Scènes

Emile Parisien et les sauvages

Le quartet du saxophoniste est passé à l’action à Valence


La programmation de Jazz Action Valence de cette saison 2019-2020 a ouvert les hostilités avec le plus célèbre des quartets de l’Hexagone.

L’Emile Parisien 4tet est monté sur scène gonflé à bloc pour défendre le répertoire de Double Screening, son dernier album en date (ACT, 2018). Rodé par des mois de tournée, le groupe n’a pas mis longtemps à investir la scène et captiver la salle.

Ce répertoire est aussi le premier avec Julien Loutelier à la batterie, qui a aujourd’hui complètement pris sa place au sein du quartet. Succéder à Sylvain Darrifourcq n’est pas chose aisée. Venir mettre son grain de sel dans une recette qui a fait ses preuves et qui s’est bâti une telle identité, le tout sans la ternir, n’est pas à la portée de tout le monde. Mais le batteur est visiblement taillé dans le rare et permet au quartet de poursuivre sa voie, de garder sa touche et sa débordante créativité, tout en la réinventant avec une nouvelle distribution des cartes. En apportant dès son arrivée ses propres compositions, l’autre Julien du quartet annonce d’emblée qu’il n’est pas là pour pallier une absence, mais pour écrire sa part de l’Histoire par sa présence.

L’évolution musicale du quartet se manifeste à travers sa nouvelle version de « Chocolat-Citron », un titre enregistré sur Chien Guêpe en 2012 et ici tranché en 4 parts de Hashtag. La consistance de sa musique est identique et reconnaissable entre mille, mais elle a pris une couleur différente. Plus sauvage, moins policée, arrivée à un niveau de maîtrise inégalé malgré sa complexité, la musique du groupe prend un côté plus subversif dans sa forme.

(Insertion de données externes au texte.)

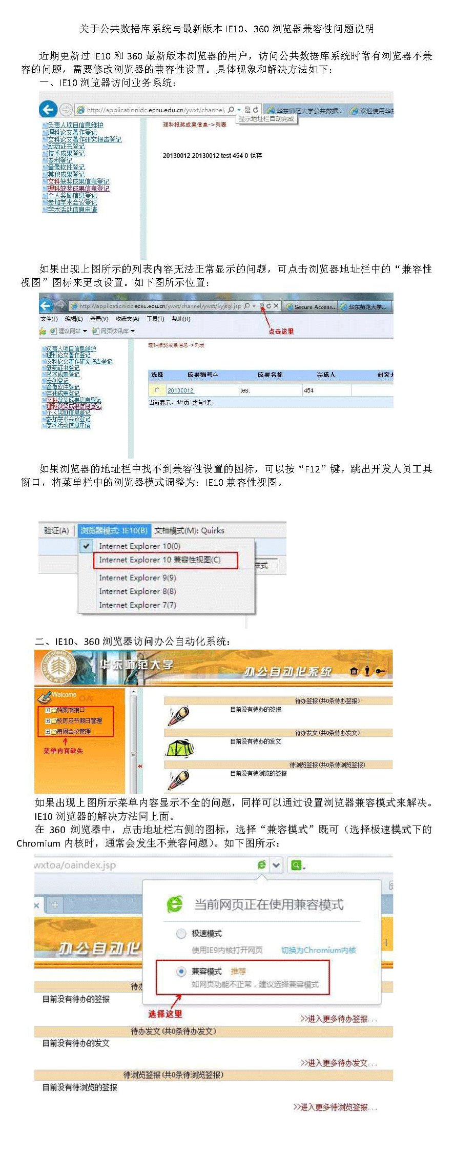 关于公共数据库与最新版本IE10、360浏览器等兼容性问题说明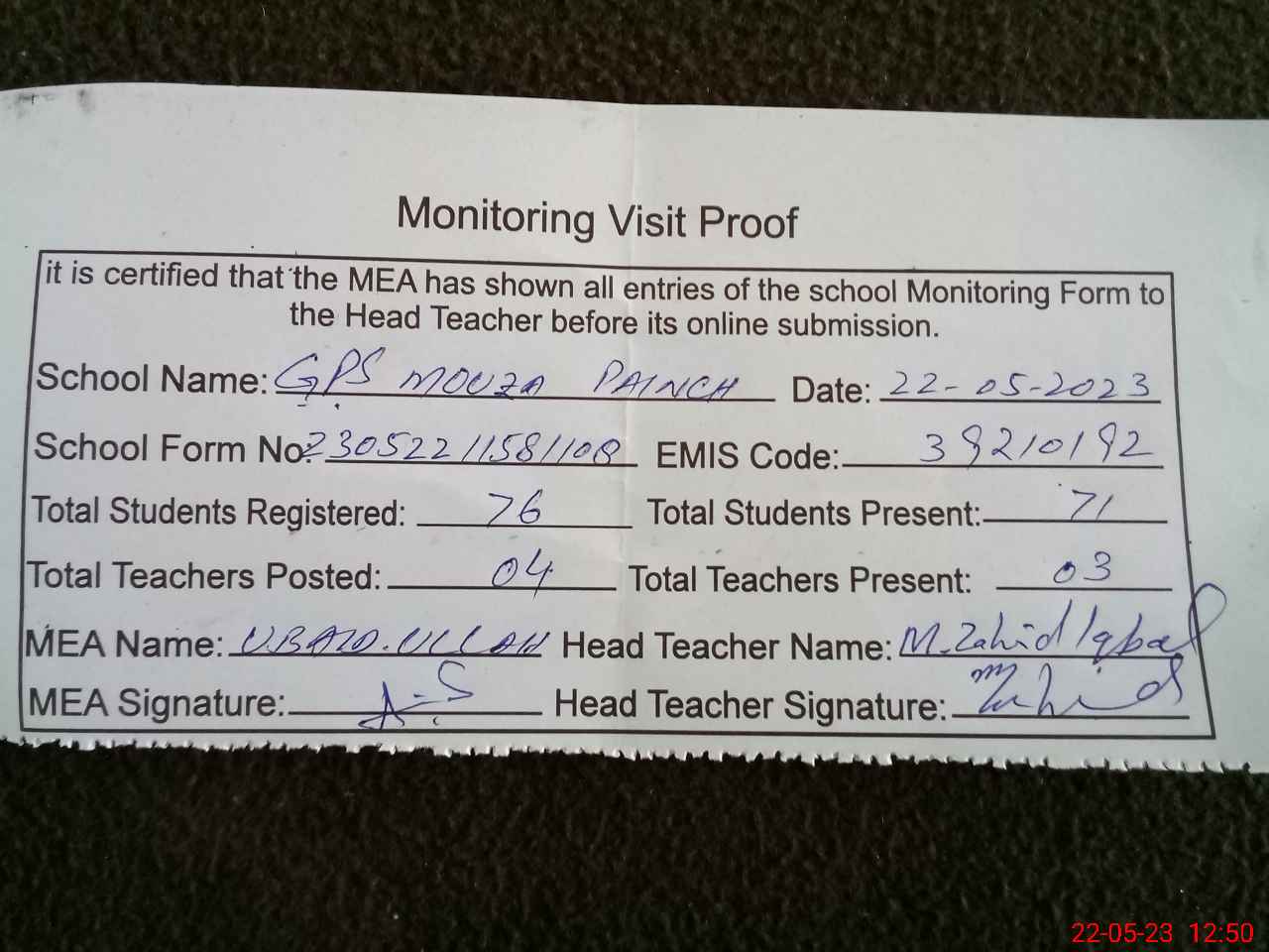 | Attendance Register | Head Teacher | MEA with School | Visit Proof |
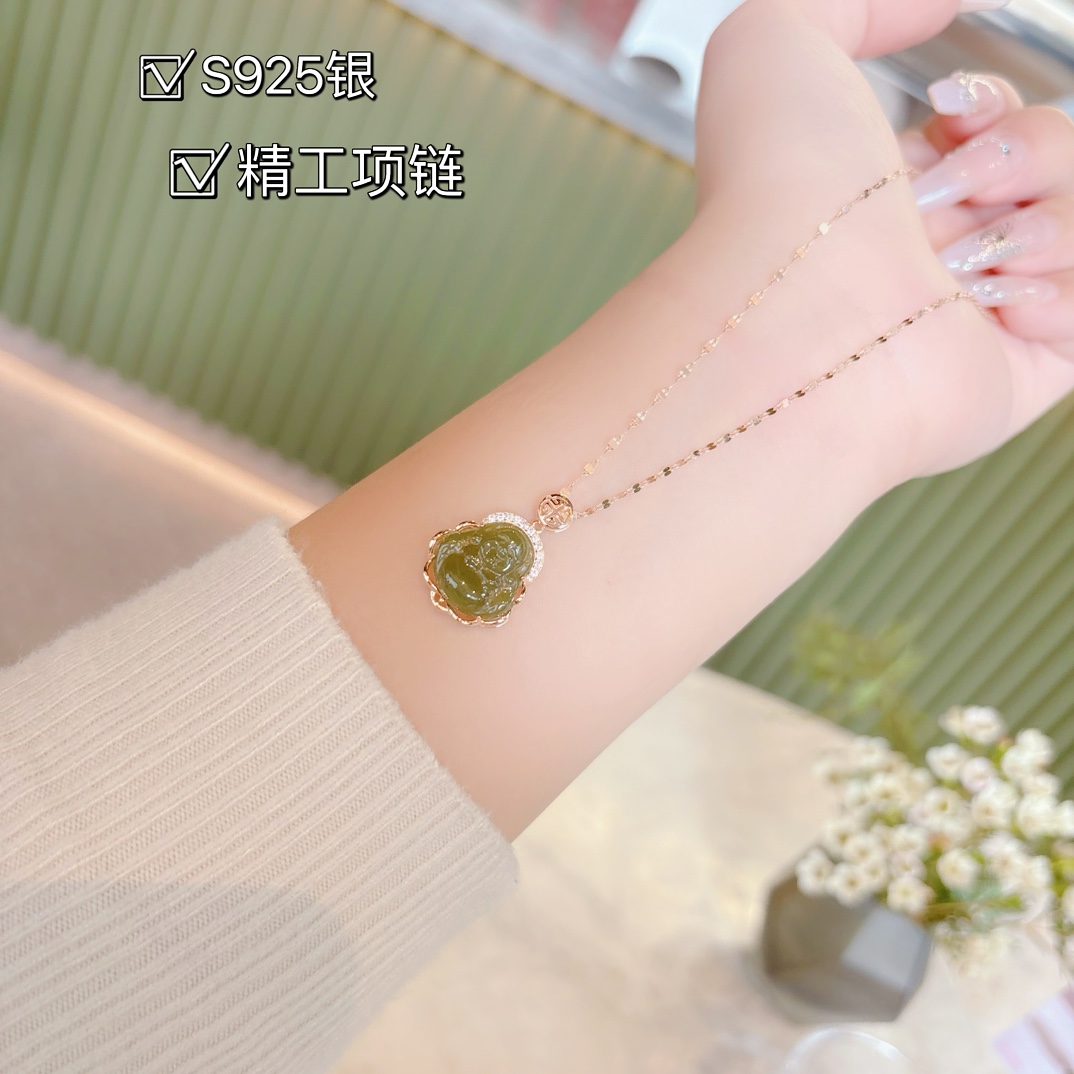 Hypoallergenic Silver Hetian Jade Necklace Chic Party Silver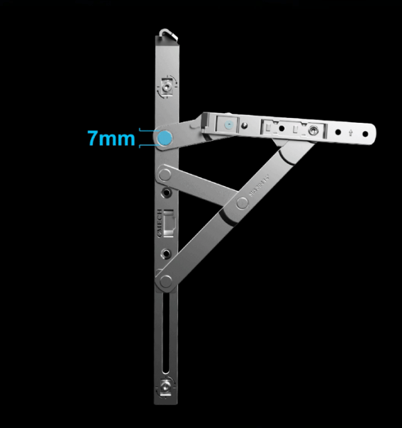 铰链运动杆自带塑胶件,能够打造低噪音的启闭体验,让门窗开关更舒适。
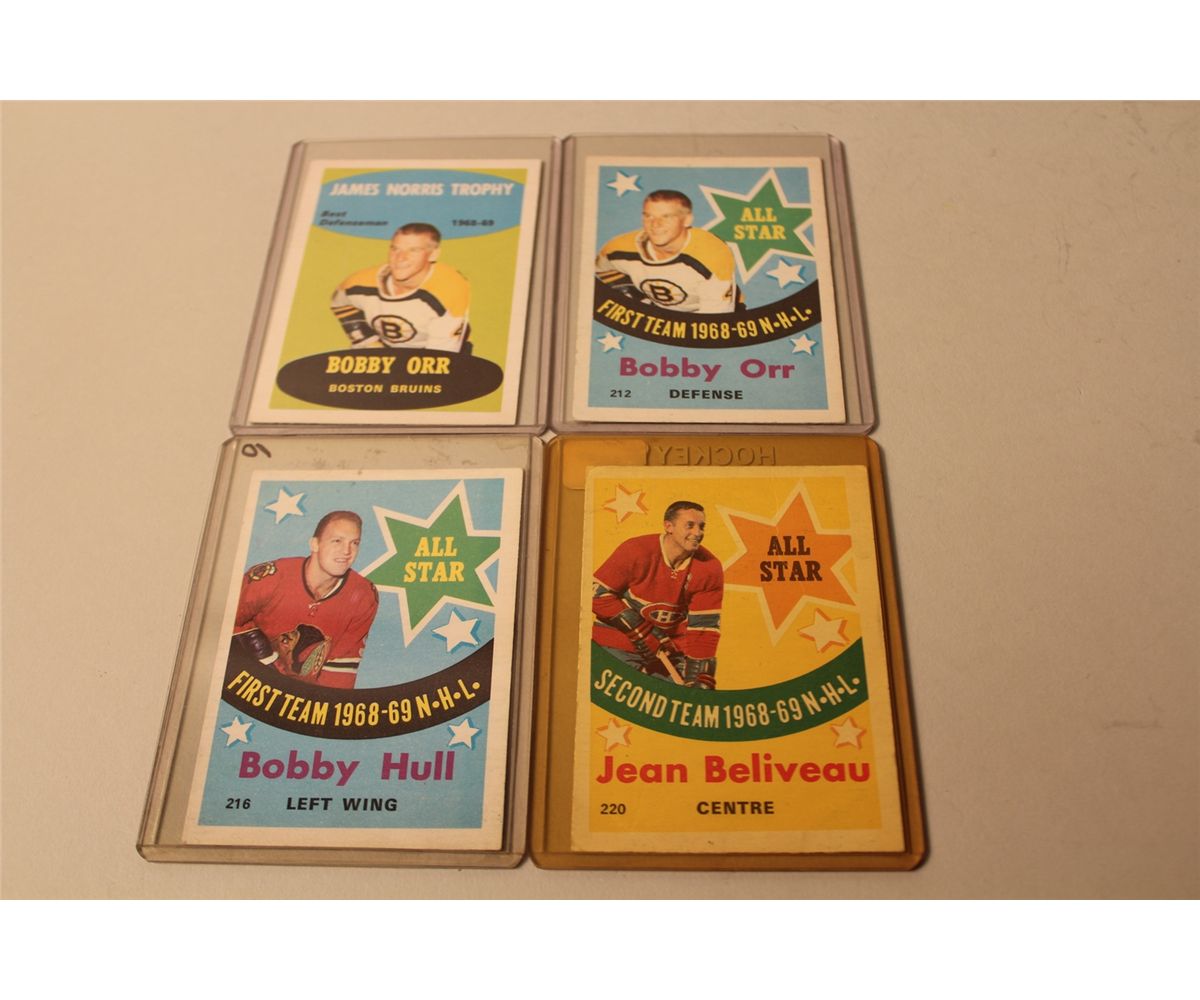 1968-69 TOPPS #209 BOBBY ORR JAMES NORRIS TROPHY, #212 BOBBY ORR, #216 BOBBY HULL AND #220 JEAN BELIVEAU
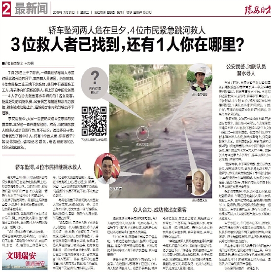 事发后,这4位市民的英勇之举受到广泛关注。由于当时跳水施救的4人都是自发行为,互不相识,通过多日寻找,只找到了其中3人,他们分别是:吴继刚、曾文友、陈磊(相关报道详见7月31日2版)。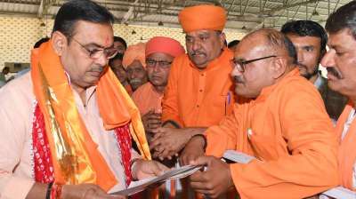 श्री शर्मा से महामण्डलेश्वर श्री मनोहरदास जी...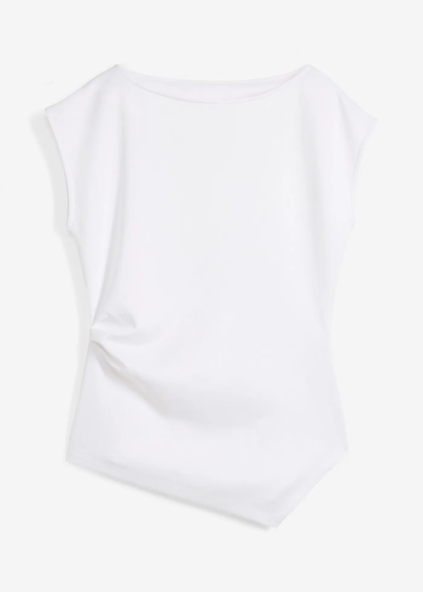 Top sin mangas con detalle drapeado en el lateral y dobladillo asimétrico.

Si l’on voulait résumer, on dirait que le quartet se tourne aujourd’hui plus franchement vers le jazz avec l’intention de lui secouer les puces, là où il aurait autrefois foulé les terres des musiques contemporaines improvisées. La nuance n’est pas minime. Et elle joue probablement un rôle dans le fait qu’on n’a jamais trop entendu le quartet d’Emile Parisien, et qu’on en redemande. Parce qu’il se renouvelle toujours et arrive encore à nous souffler comme si c’était la première fois.